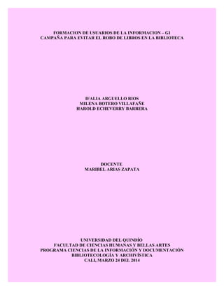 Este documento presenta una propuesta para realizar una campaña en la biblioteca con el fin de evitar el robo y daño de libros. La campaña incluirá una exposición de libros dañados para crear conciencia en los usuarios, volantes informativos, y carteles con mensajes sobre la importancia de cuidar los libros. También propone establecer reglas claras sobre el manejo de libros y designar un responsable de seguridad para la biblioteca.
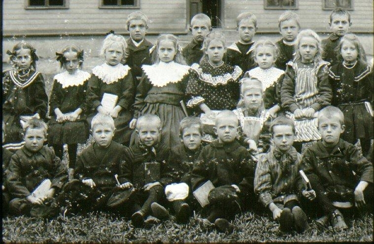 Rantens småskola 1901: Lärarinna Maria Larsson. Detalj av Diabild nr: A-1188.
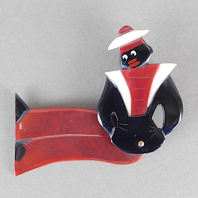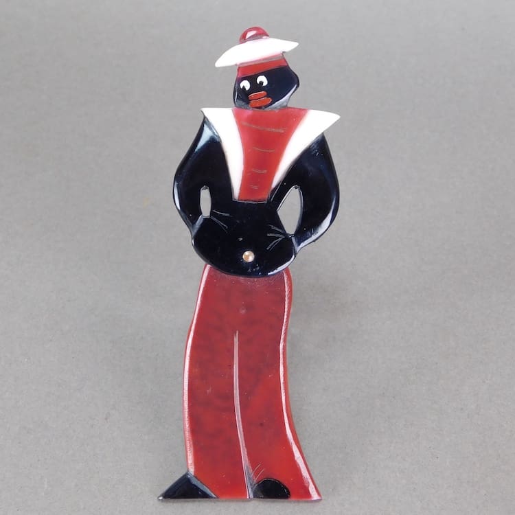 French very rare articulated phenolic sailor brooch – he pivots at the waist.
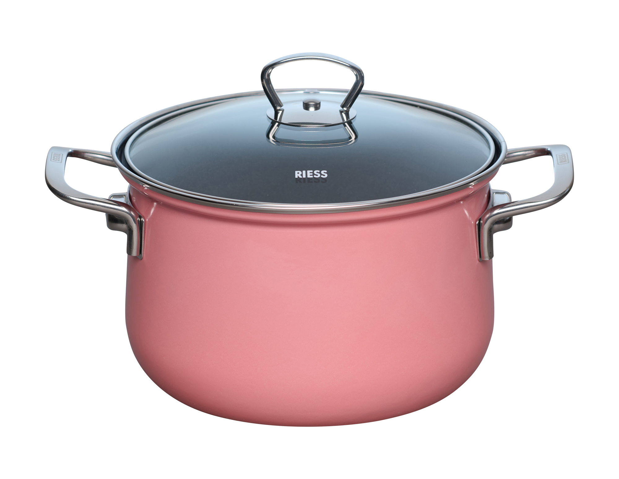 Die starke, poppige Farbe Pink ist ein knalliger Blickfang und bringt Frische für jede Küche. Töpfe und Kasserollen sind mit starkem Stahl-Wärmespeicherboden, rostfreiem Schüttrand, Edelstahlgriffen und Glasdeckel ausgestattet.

##############################

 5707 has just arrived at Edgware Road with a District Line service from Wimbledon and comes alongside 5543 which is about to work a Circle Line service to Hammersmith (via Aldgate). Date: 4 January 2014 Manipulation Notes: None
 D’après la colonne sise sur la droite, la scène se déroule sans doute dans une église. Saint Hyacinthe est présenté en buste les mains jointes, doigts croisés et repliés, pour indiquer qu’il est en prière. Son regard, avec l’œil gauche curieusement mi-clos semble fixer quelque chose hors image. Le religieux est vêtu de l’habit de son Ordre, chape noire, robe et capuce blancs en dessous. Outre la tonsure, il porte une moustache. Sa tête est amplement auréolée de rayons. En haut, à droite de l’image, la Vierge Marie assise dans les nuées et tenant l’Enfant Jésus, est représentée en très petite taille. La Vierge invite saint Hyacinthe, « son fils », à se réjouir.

##############################

*REQUIRED ACTION*
In the records above, find the line with "Este documento presenta" and the line with "Die starke, poppige", then restate word for word only those two lines and all lines between, omitting pictures.

*ANSWER TO THIS EXERCISE*
 Este documento presenta una propuesta para realizar una campaña en la biblioteca con el fin de evitar el robo y daño de libros. La campaña incluirá una exposición de libros dañados para crear conciencia en los usuarios, volantes informativos, y carteles con mensajes sobre la importancia de cuidar los libros. También propone establecer reglas claras sobre el manejo de libros y designar un responsable de seguridad para la biblioteca.
 Rantens småskola 1901: Lärarinna Maria Larsson. Detalj av Diabild nr: A-1188.
 French very rare articulated phenolic sailor brooch – he pivots at the waist.
 Die starke, poppige Farbe Pink ist ein knalliger Blickfang und bringt Frische für jede Küche. Töpfe und Kasserollen sind mit starkem Stahl-Wärmespeicherboden, rostfreiem Schüttrand, Edelstahlgriffen und Glasdeckel ausgestattet.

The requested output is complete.